Ученики собрали митинг, на котором было решено подать в Совет прошение с просьбой предоставить им полную свободу в выборе сюжетов, так как золотую медаль дадут только одному, который один только и воспользуется правом поездки за границу, а следовательно, для справедливой оценки необходимо, чтобы каждый выбрал тему, соответствующую его характеру и наклонностям. Затем в прошении ставился вопрос, будут ли экзаменующиеся по обыкновению заперты на двадцать четыре часа; эта мера признавалась учениками нецелесообразной, так как, не получив готового сюжета, а только тему, ученик должен был иметь в своем распоряжении больше времени, чтобы одуматься. На это прошение, подписанное Крамским и тринадцатью его товарищами, ответа не последовало. Тогда подано было второе прошение, в котором говорилось, что некоторые из учеников-жанристов уже имеют малые золотые медали за картины на свободно выбранные сюжеты, и их несправедливо подвергать испытанию наравне с историками. Прошение заключалось просьбой о праве свободного выбора сюжетов. Но и после этого второго прошения Совет остался глух и нем.

Тогда была выбрана депутация к отдельным профессорам, в состав которой вошел и Крамской.
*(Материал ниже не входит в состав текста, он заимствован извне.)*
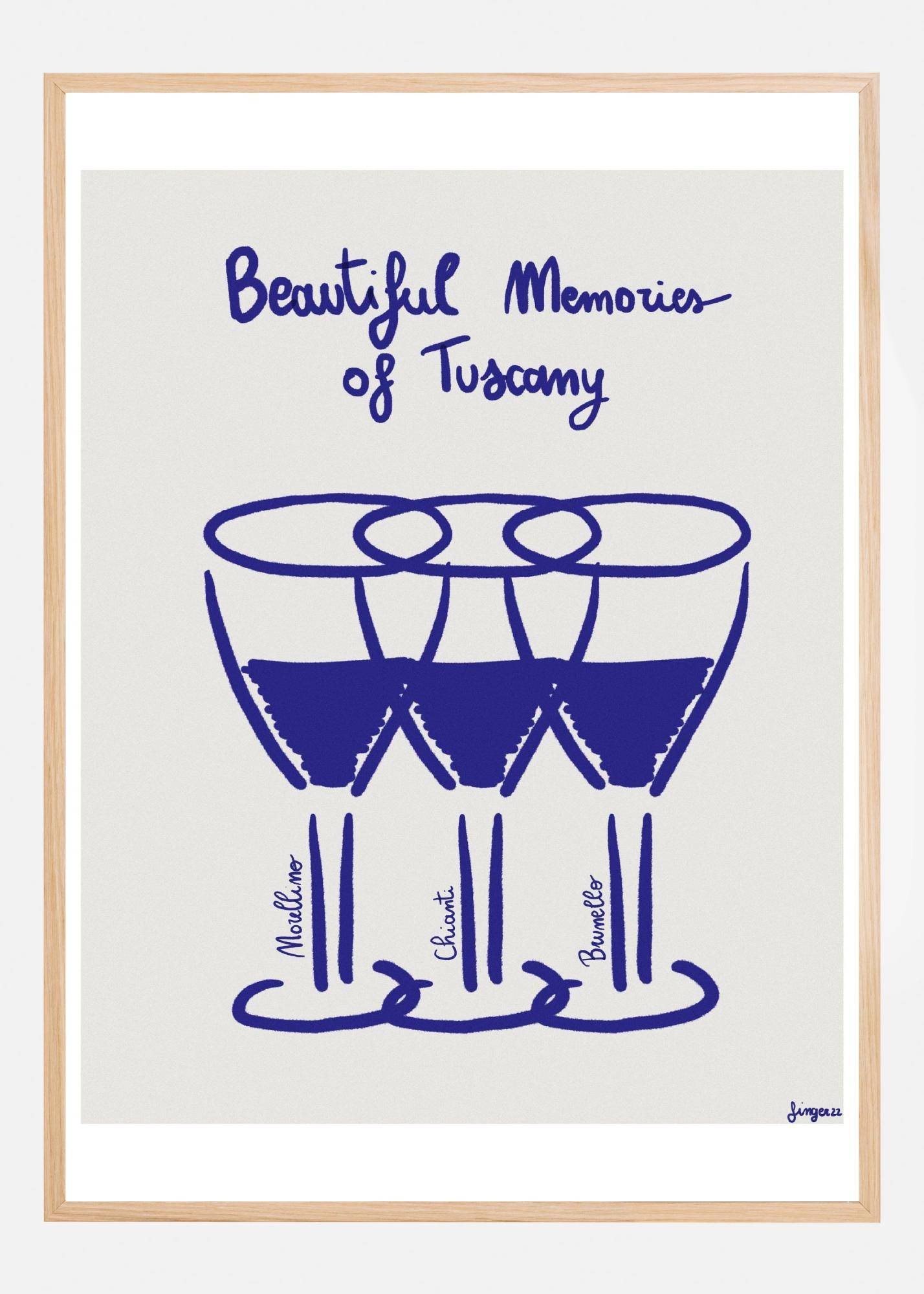 Denna stilfulla poster fångar essensen av "Beautiful Memories of Tuscany" med en modern och konstnärlig touch. Tre glas, enkla men eleganta, symboliserar minnesvärda stunder och inbjuder till reflektion och nostalgi. Denna affisch är ett perfekt komplement till alla rum som vill förmedla en känsla av lugn och sofistikation.

Но и эта мера оказалась не успешнее предыдущих. Один из профессоров дал ответ приблизительно следующий: «Не согласен и не соглашусь; если бы это случилось прежде, то вас бы всех в солдаты; прощайте!» Другой ответил: «Вы говорите глупости и ничего не понимаете; я и рассуждать с вами не хочу». Третий категорично заявил, что «нигде в Европе этого нет и другого способа для экзаменов Европа не выработала». Наконец, четвертый принял депутацию с изысканной любезностью и обещал сделать все от него зависящее. «Но странно, – говорит Крамской, – на последовавшем затем вечернем собрании все почувствовали, что надо готовиться ко всему, даже к выходу, потому что после всех объявлений самый важный вопрос, что именно решено Советом относительно нас – остался еще более таинственным».

Получив несколько дней спустя повестку явиться 9 ноября 1863 года в конференц-зал Академии на конкурс, ученики провели часть ночи в совещаниях и в конце концов запаслись на всякий случай прошениями, гласящими, что «по домашним или там иным причинам я, такой-то, не могу продолжать курс в Академии и прошу Совет выдать мне диплом, соответствующий тем медалям, которыми я награжден». Кроме того, Крамской был выбран депутатом и должен был в случае неблагоприятного исхода сказать от лица всех товарищей несколько слов Совету. «Вероятно, дурно был проведен остаток ночи всеми, – говорит он, – по крайней мере я все думал, все думал».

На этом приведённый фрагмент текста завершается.